Problem statement |
Your copy should hold every record verbatim and none of the pictures.

Records |
■ ■ ■ ■ ■ ■ ■
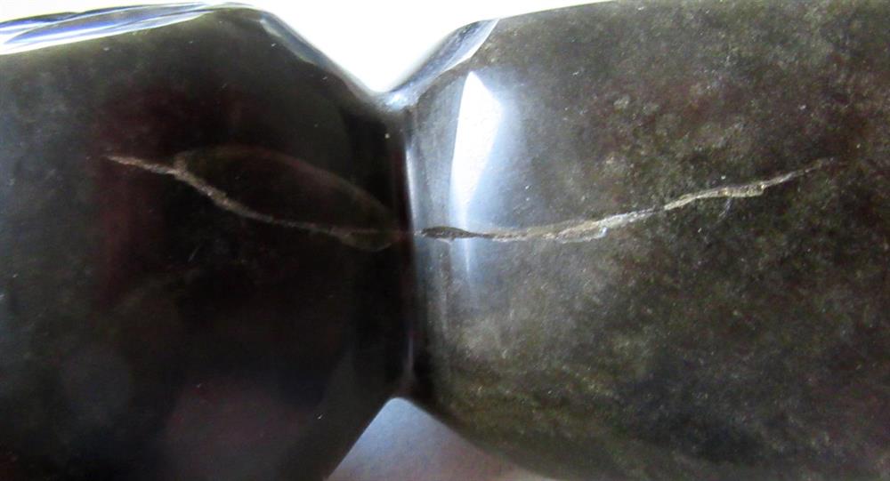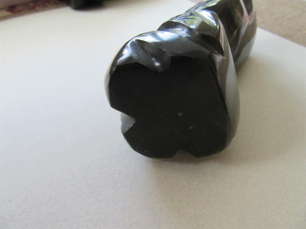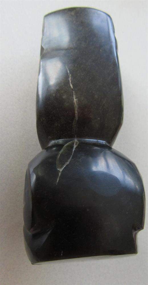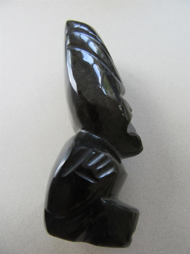 Vintage obsidian tiki statue. It measures 4" tall. It has a fracture line on the back. .Who sees the back? Sold as is.
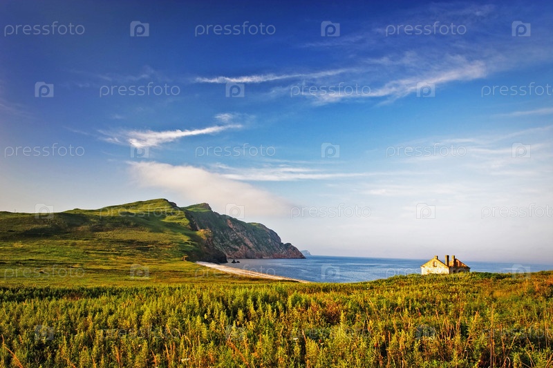 Дом на берегу океана, красивый летний пейзаж
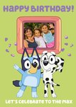 Front of card: Features an illustration of Bluey and Chloe with a editable photo upload above this. Text reads: "Happy Birthday! Let's Celebrate to The Max."
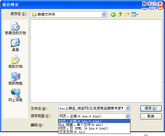 然后在弹出来的对话框中选择你要保存到的文件夹,同时在保存类型上选择“网页,全部(*htm,*html)”,然后点“保存”。这样就可以将这个网页上的所有内容都保存到我们自己的电脑上了,包括图片和一些JS文件等。如下图所示:
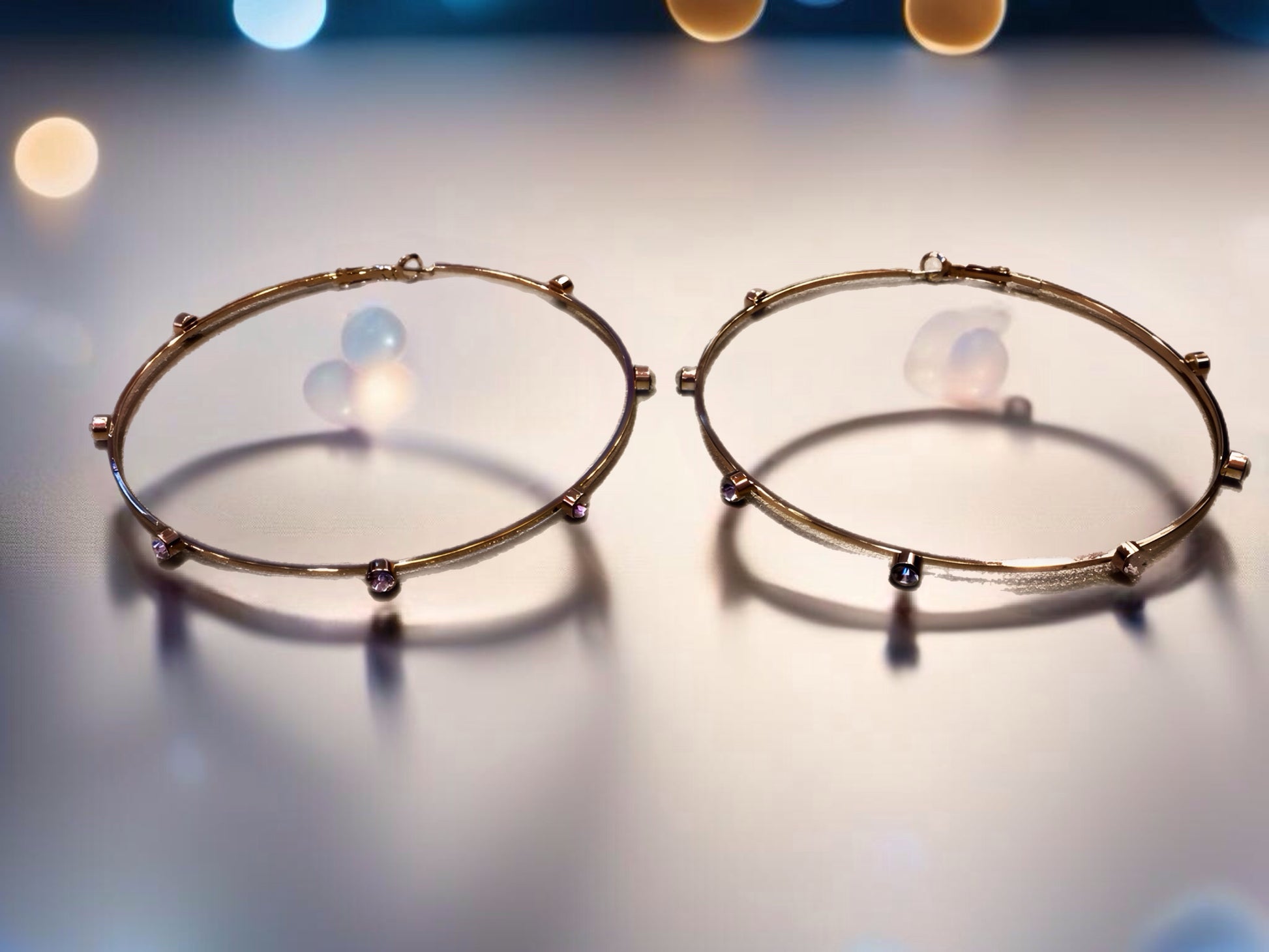These large gold hoops are adorned with exquisite bling that rotates a full 360 degrees, adding an elegant touch to any outfit.
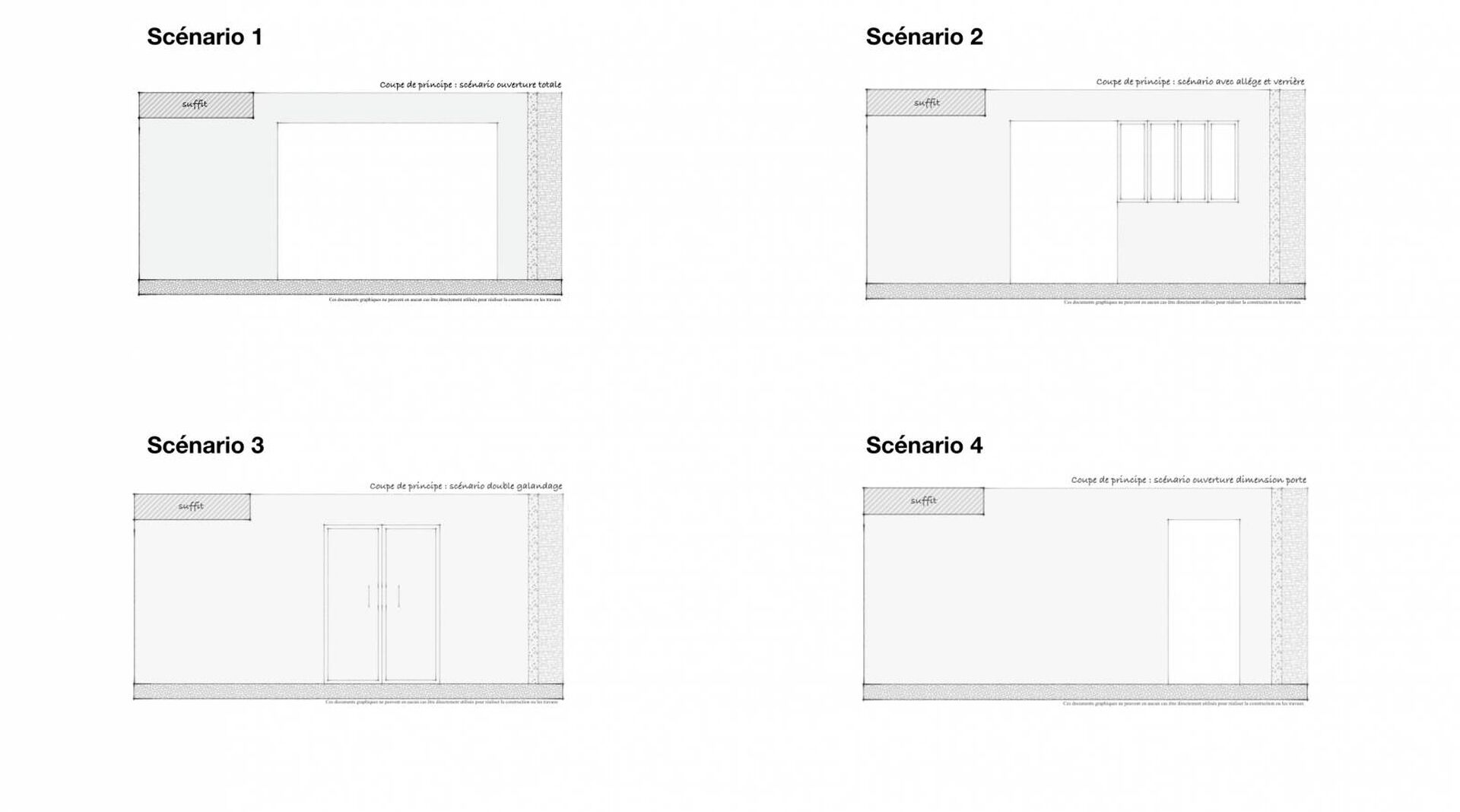 4 scénario sont imaginés dans la réflexion des implantations avec différentes particularités, notamment dans l’aménagement de la pièce de vie, l’intégration de dressing / placard de rangement, la création d’une entrée indépendante et la circulation de la lumière entre les pièces à savoir un scénario avec une une ouverture totale, une ouverture de la dimensions d’une porte, une ouverture avec création allège et possible
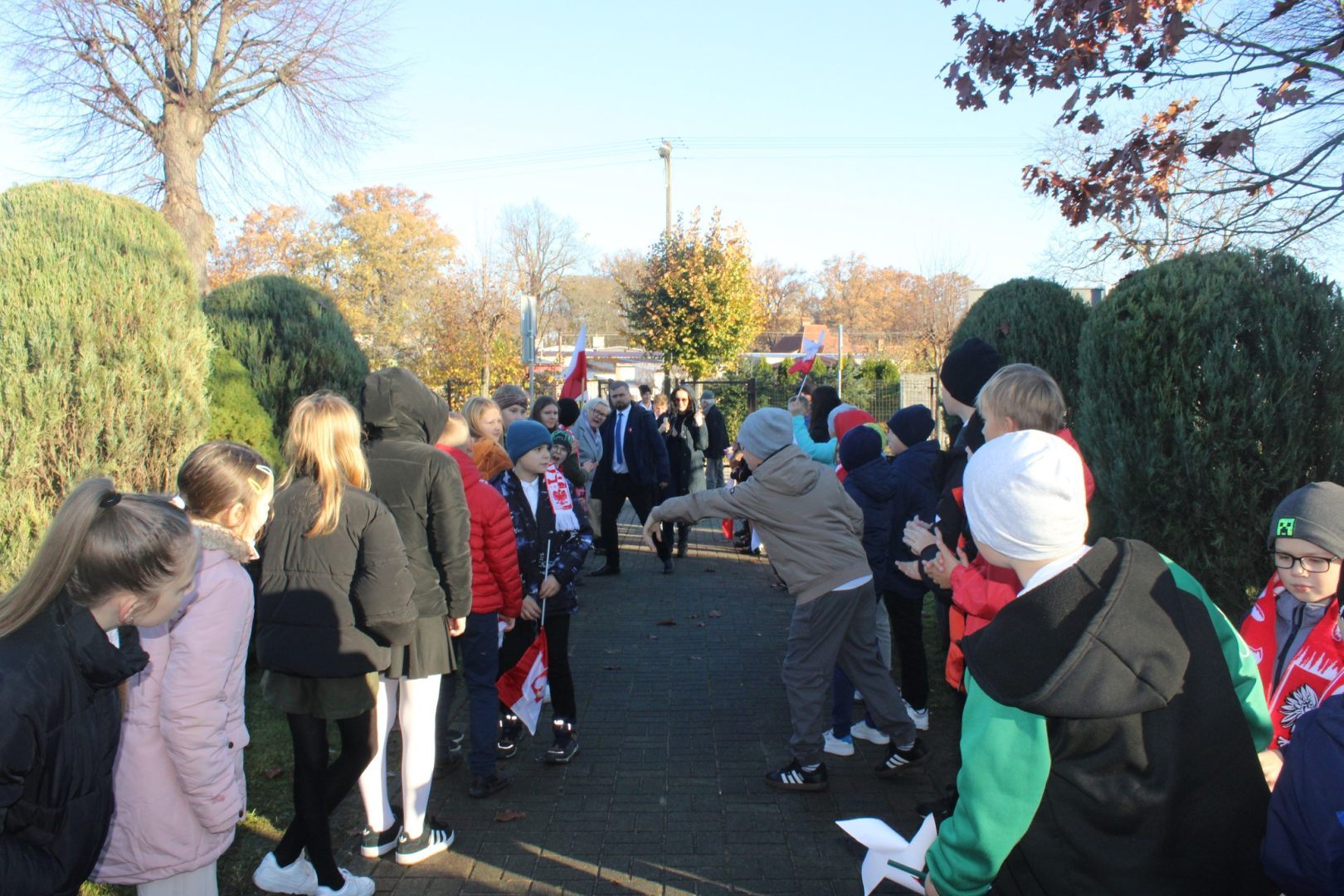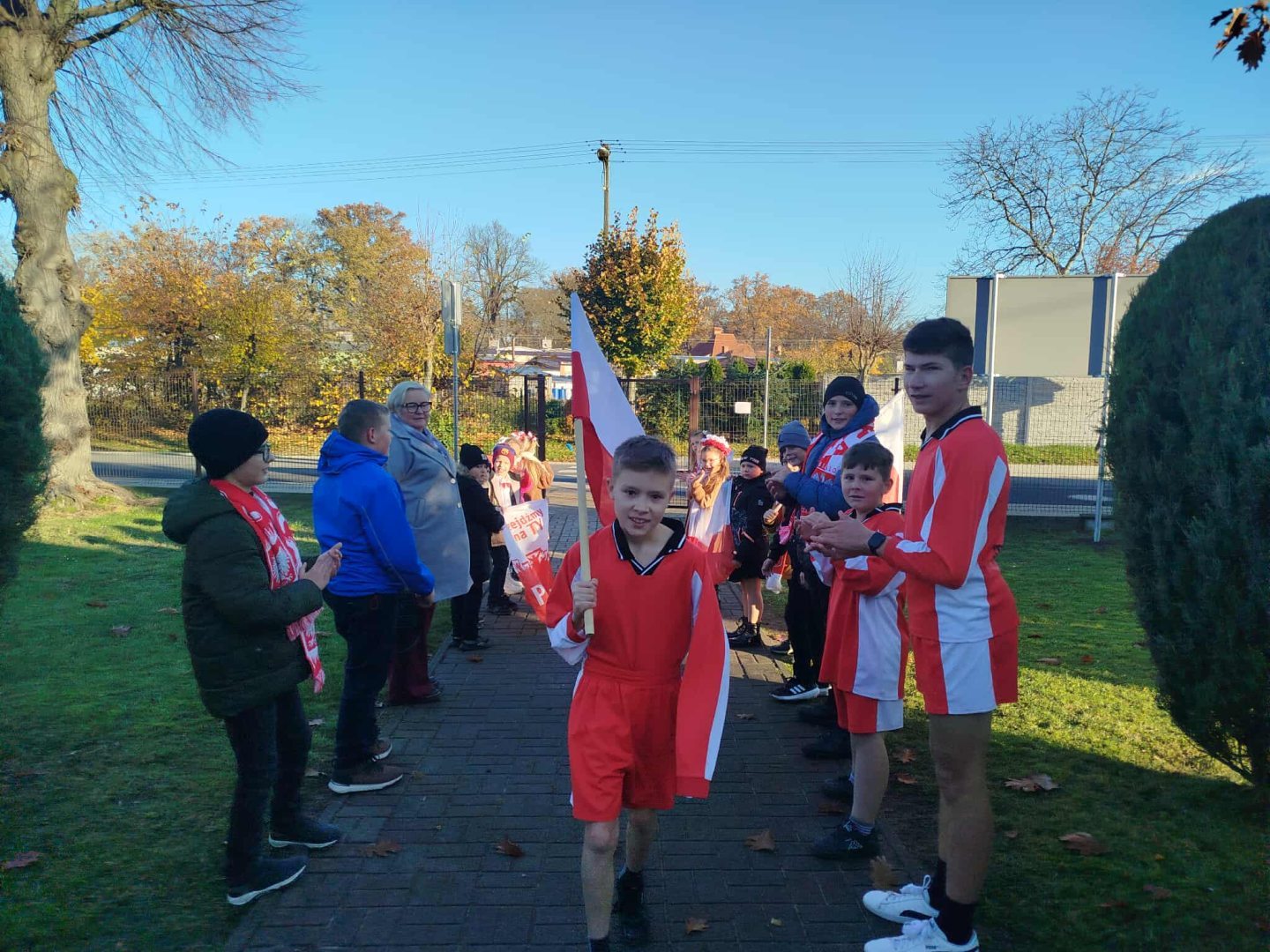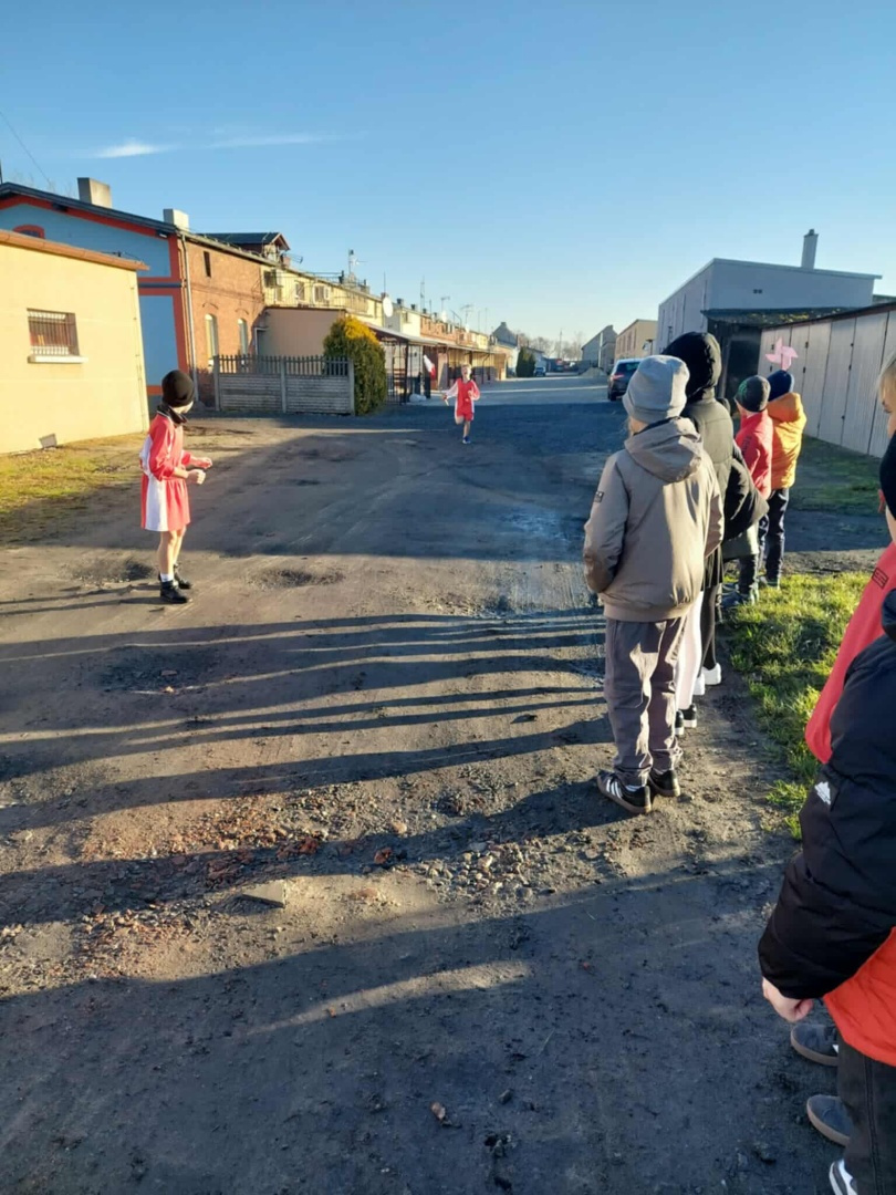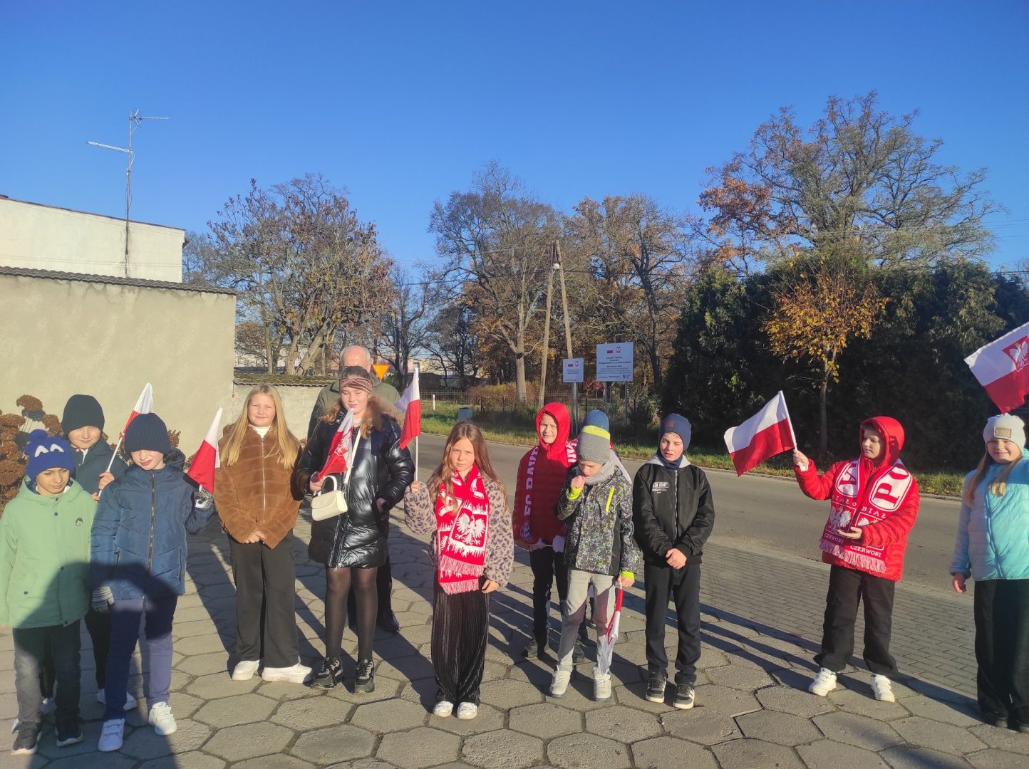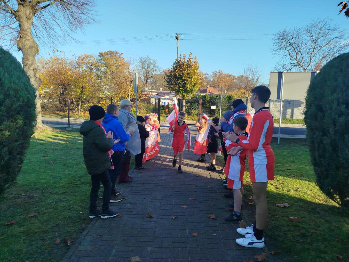 Następnie odbyła się sztafeta z biało-czerwoną flagą, w której reprezentanci uczniów przebiegli ulicami wioski. Pozostali uczniowie kibicowali im z entuzjazmem, tworząc gorącą, patriotyczną atmosferę. Tradycyjnie nie zabrakło również marszu do Dębu Niepodległości w pobliskim lesie – miejsca szczególnego dla całej szkolnej społeczności.
■ ■ ■ ■ ■ ■ ■
Response box |
 Vintage obsidian tiki statue. It measures 4" tall. It has a fracture line on the back. .Who sees the back? Sold as is.
 Дом на берегу океана, красивый летний пейзаж
 Front of card: Features an illustration of Bluey and Chloe with a editable photo upload above this. Text reads: "Happy Birthday! Let's Celebrate to The Max."
 然后在弹出来的对话框中选择你要保存到的文件夹,同时在保存类型上选择“网页,全部(*htm,*html)”,然后点“保存”。这样就可以将这个网页上的所有内容都保存到我们自己的电脑上了,包括图片和一些JS文件等。如下图所示:
These large gold hoops are adorned with exquisite bling that rotates a full 360 degrees, adding an elegant touch to any outfit.
 4 scénario sont imaginés dans la réflexion des implantations avec différentes particularités, notamment dans l’aménagement de la pièce de vie, l’intégration de dressing / placard de rangement, la création d’une entrée indépendante et la circulation de la lumière entre les pièces à savoir un scénario avec une une ouverture totale, une ouverture de la dimensions d’une porte, une ouverture avec création allège et possible
 Następnie odbyła się sztafeta z biało-czerwoną flagą, w której reprezentanci uczniów przebiegli ulicami wioski. Pozostali uczniowie kibicowali im z entuzjazmem, tworząc gorącą, patriotyczną atmosferę. Tradycyjnie nie zabrakło również marszu do Dębu Niepodległości w pobliskim lesie – miejsca szczególnego dla całej szkolnej społeczności.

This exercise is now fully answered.